Zyi entrou no Charles’s place de novo e foi para onde Karin estava sentada. Seguro com a situação, mas preocupado com a reação da amiga, ele falou sobre o que acabara de conversar com o Ghan para ela e ouviu a resposta que mais temia:
– Eu vou com você, não importa o que aconteça, eu vou com você! – Karin tinha bons motivos para não querer ficar no Vilarejo da Pena sem o Zyi lá: as outras pessoas a desprezavam. Ela havia quebrado a barreira entre plebe e nobreza e isto não era bem visto pela maior parte da população. Apenas Zyi e Aya, além do Subaru, mantinham relações sinceramente amigáveis com ela. Todas as outras só o faziam para não despertar a fúria do Zyi, que, apesar da idade, era verdadeiramente  influente no lugar.

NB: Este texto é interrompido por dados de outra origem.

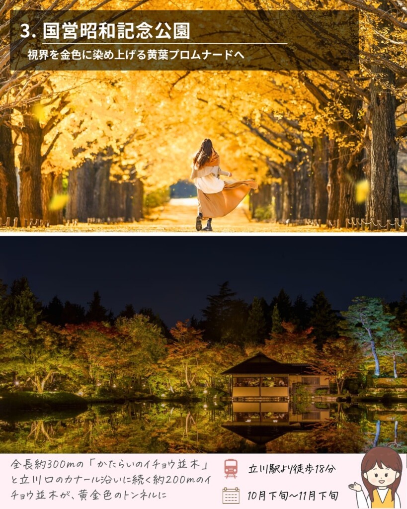 秋は全長300mの「かたらいのイチョウ並木」や、「カナール」の黄葉、日本庭園のモミジなどを見ることができます。夜間のライトアップも行なわれるので、昼と夜どちらも散策してみたいですね。
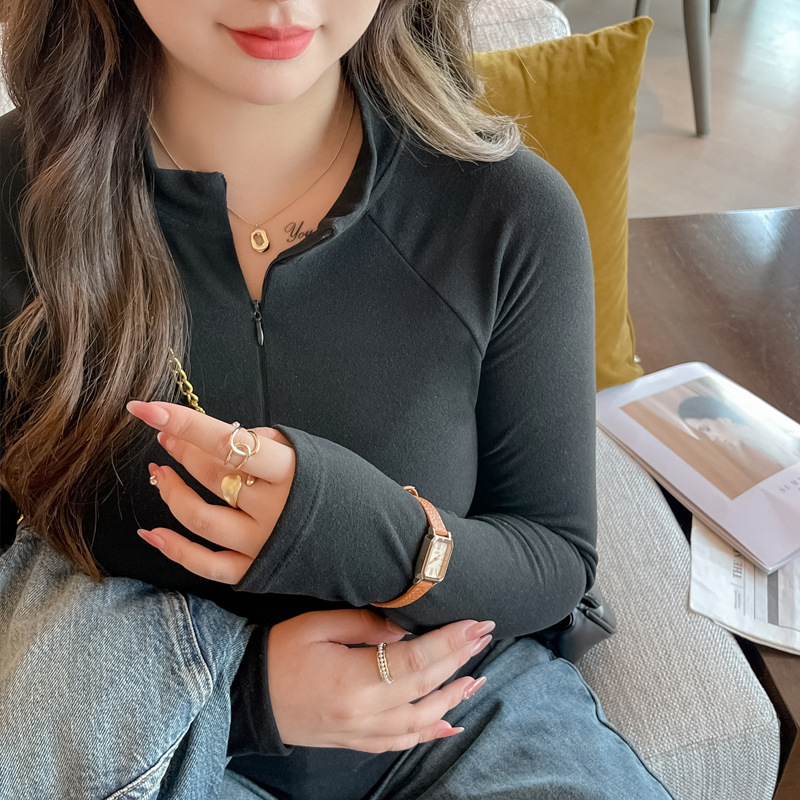 엄격 선택 가을 및 겨울 샌딩베이스 셔츠 여성 내복 틈새 디자인 감각 긍정적 인 어깨 긴 소매 티셔츠 외부 착용 플러스 사이즈

– Vai ser perigoso, Karin! – disse Zyi numa tentativa frustrada de fazê-la voltar atrás.
– Eu disse que eu vou, não irei mudar de idéia. – Karin era intransigente quando tomava suas decisões.
– Está bem, então... – disse Zyi, ainda preocupado com a segurança de Karin, mas sem uma resposta convincente para convencê-la do contrário.
Zyi beijou a bochecha dela e disse:
– Eu estou indo para casa agora, vejo você amanhã – ele sorriu e ela o abraçou com muita força.
– Por favor, tome cuidado e não me deixe neste lugar – ela o olhou nos olhos.
– Você virá comigo, não se preocupe – disse Zyi – Mas pratique o arco-e-flecha com muita insistência ao longo de toda essa semana!
– Vou praticar! – sorriu Karin.

Zyi saiu dali e seguiu imediatamente para a sua residência. Ele foi para a cama sabendo que aquela era uma das últimas vezes que dormiria ali.